Later that month, Government publishes its EU stability programme update. Says will make €3 bn in savings in 2010 Budget. Predicts economic contraction of 1.3 per cent in GDP in 2010 but predicts growth of 3.3 per cent in 2011; 4.5 per cent in 2012; and 4.3 per cent in 2013. It says that over four years, it will try to reach €7.5 billion in annual savings.
March: Croke Park agreement guarantees no cuts in public sector pay until 2014. In mid-March, a European Commission report argues that deeper cuts than €3 billion may be required in December’s Budget. It describes the Government’s growth projections of 3.3 per cent as optimistic.
“The authorities should stand ready to take additional measures beyond the planned consolidation package in case growth turned out lower than projected.”
Its forecast for growth: 2.6 per cent for 2011.

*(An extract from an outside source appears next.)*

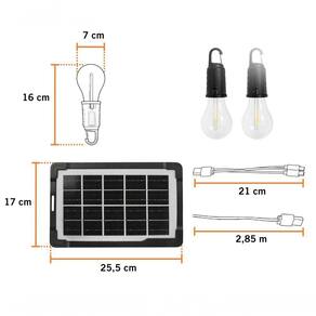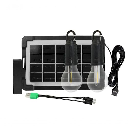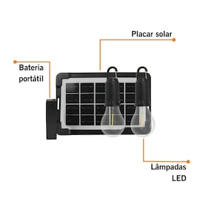 Itens inclusos: 1 painel solar; 2 lâmpadas LED sem fio; 1 mini carregador; 1 cabo USB-C com 3 saídas
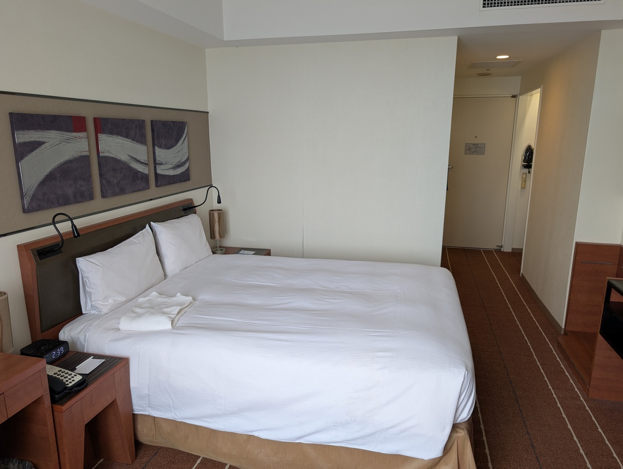 室内は少し良いビジネスホテルという感じですが、きれいで、屋上のフィットネスやプールからは海を眺めながら気持ちよく過ごせます。

April: Big set-back for Government when the EU’s statistical servive, Eurostat, rules that funds paid for the Anglo bailout need to be added to national debt. Will eventually push figure to a spike of 34 per cent of GDP for 2010. Brian Lenihan says the ruling will not mean a harsher Budget or will not require greater borrowing. EU commits €45bn for Greece bailout. Borrowing cost for Irish, Spanish and Portugese sovereign debt increases.
May: IMF bailout of Greece. €110bn. Ireland contributes €1.3bn over three years. Irish economy has grown in first quarter.

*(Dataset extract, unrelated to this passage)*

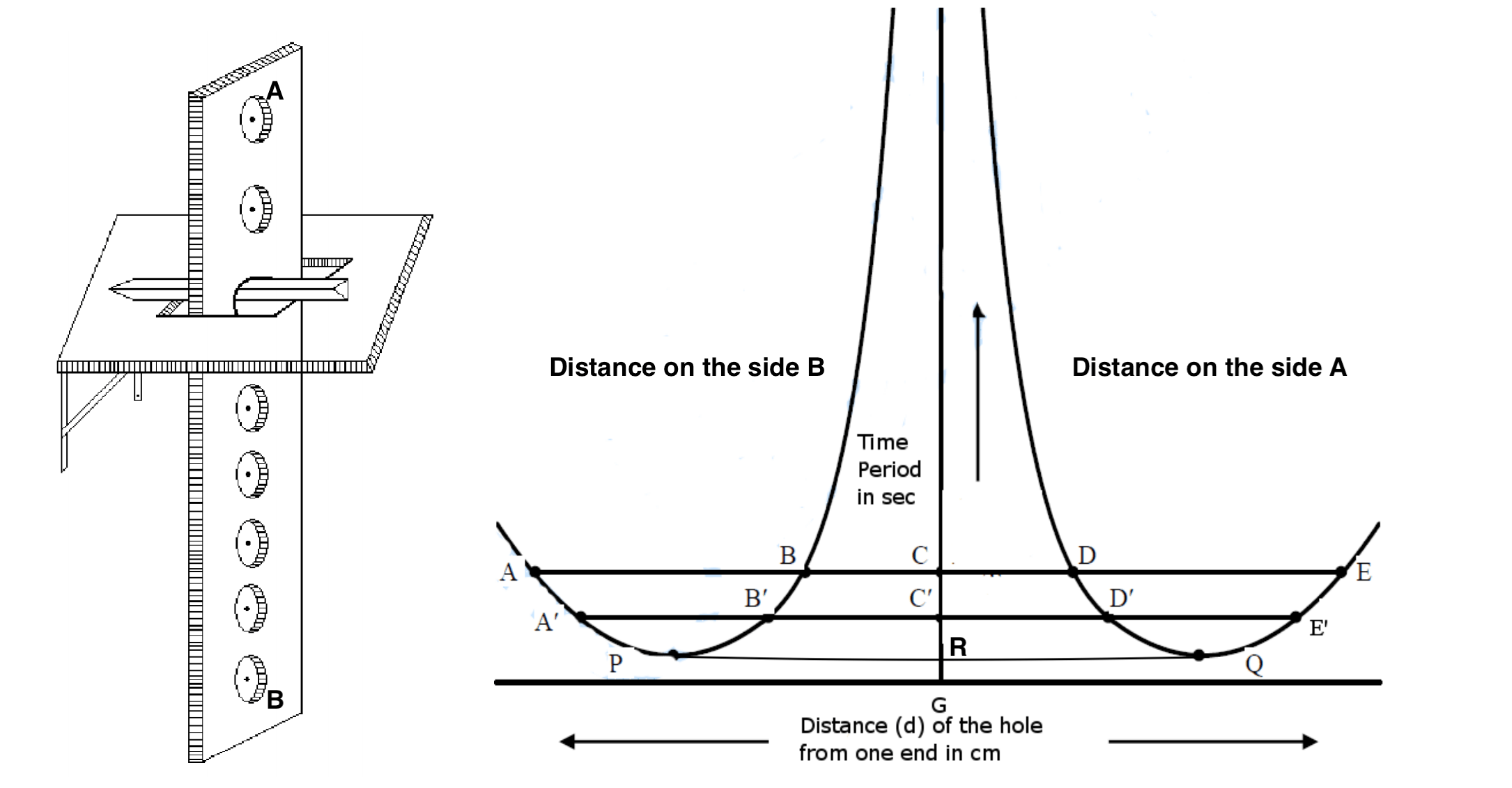 Now suspend it in the knife-edge on the side B and repeat the same observations as above.

June: Economics and monetary commissioner Olli Rehn says that no more than 3 billion correction needed in Irish Budget. Tax projection a little below target but gap between State spending and income for year predicted at €18 billion.
July: A number of agencies, including ESRI, Central Bank and IMF, predict stronger growth for 2010 but revise growth downwards for 2011. IMF forecasts 2.2. per cent. Green’s Dan Boyle says may take until 2020 to reach 3 per cent target. Cost of Irish debt rises.
August: Ratings agency Standard and Poor’s downgrades Ireland’s debt from AA to AA minus. Predicts €50 billion as cost of bailout of distressed banks. Government dismiss claim. Central Bank Governor Patrick Honohan says Anglo bailout will be “costly but manageable.” Total cost is estimated at a possible €25bn.
September: Cost of Irish debt has risen to over 6 per cent; a premium of 389 basis points over the standard, German bunds. On the 13th, Brian Lenihan discloses that €3 billion is the “minimum” cut in the Budget. Amid fears over Anglo, and anxiety over the Irish situation in Brussels, Prof Honohan says that the Government needs to look at more cost-cutting measures. Financial Times editorial advises Ireland to default on Anglo bondholders. Interest on Irish ten-year bonds rises to a record 6.69 per cent, a level considered not sustainable.
On last day of month, a Thursday, Government statement discloses that total cost of Anglo will be €29.3bn and could rise to €33bn in a worst case scenario. Lenihan reveals interest payments on bank bailout will cost €1.7bn annually. Government announces it will publish a four-year detailed fiscal plan in November, amid warnings from Rehn and from the ECB’s Jean Claude Trichet that such a course is necessary. Government also announces it is suspending borrowing of national debt until January. Day is dubbed ‘Black Thursday’ by opposition.
October: Attempts at a consensual political approach to the fiscal crisis, initiated by the Greens, fail. All parties commit to the 3 per cent 2014 target. Opposition parties are briefed on economic situation, and a crisis prompted, among other things, by much lower growth forecasts for 2012 and 2013. An ESRI report concludes that 2014 target is over ambitious and that the Government will need to cut €15 billion over four years to achieve the target. Five days later, that figure is officially confirmed. It is twice the €7.5 billion estimate from ten months ago.